Dividend includes quotient 6: the previous digit is added with half complement, and the previous digit is added with one complement.
1. Example
35568? 78=456(78' s complement is 22)
2. Calculation sequence
355 contains a divisor of 4 times, so add 1 1 to the front position and subtract 22 from the cardinal position to get 4-4368;
If the divisor in 436 is 5 times, then add 1 1 to the previous position, and the standard is fixed, and you get 45-468;
The divisor in 468 is 6 times, the leading bit is added with 1 1, and the standard is added with 22 to get 456 (quotient).
Third, large arrays.
When the dividend contains 7, 8 and 9 times of the divisor, the method is as follows:
Dividend includes quotient 9 times: the previous digit complements 1 time, and the previous digit subtracts 1 time.
Dividend contains quotient 8 times: the former adds complement once and the former subtracts complement twice.
Dividend includes quotient 7: the former adds one complement and the standard subtracts three complements.
1. Example
884352? 896 = 987 (the complement of 896 is 104)
2. Calculation sequence
(1) 8843 contains divisor 9 times. Add 104 to the previous position and subtract 104 from the standard position to get 9-77952.
②7795 contains divisor 8 times 104, and the base minus 208 gets 98-6272;
③6272 contains 7 times divisor, with the first complement 104 once and the standard complement three times (104? 3=3 12 (986 (quotient)).
Fast computing skills
First of all, we must ensure that children have a good learning attitude, concentrate on class, grasp the important and difficult points, and remember the calculation formulas, theorems, problem-solving ideas and skills of each type of questions. Do the questions in time after class to consolidate the knowledge learned that day.
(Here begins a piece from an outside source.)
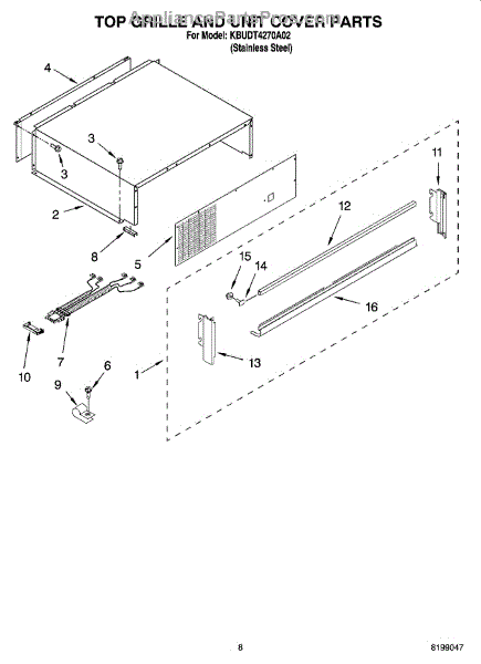 This screw is used to secure the handle end cap to the center of the door. The screw size measures 8-18 x 1/2 inches.

Secondly, we should cultivate children's good study habits. We must form a good study habit of taking exams carefully, calculating accurately and writing neatly. In re-education, I often find that such children have a high IQ. Once they learn, they will make mistakes. What is the reason? It's not a mistake, it's inaccurate, and sometimes it's even irrelevant. As a result, math test scores are often unsatisfactory.
If you want to improve your math scores, it is necessary to do more problems, but don't engage in sea tactics, which will have a bad effect and easily make children lose interest in math. Do the questions selectively and buy two or three authoritative workbooks for your children. Don't repeat the questions that children already know. Choose children to solve difficult problems and do more problems that they have not done, so that children can achieve practice.
It is also necessary to prepare an error book for children, copy the typical problems that children often make on it, and constantly correct mistakes, with good results.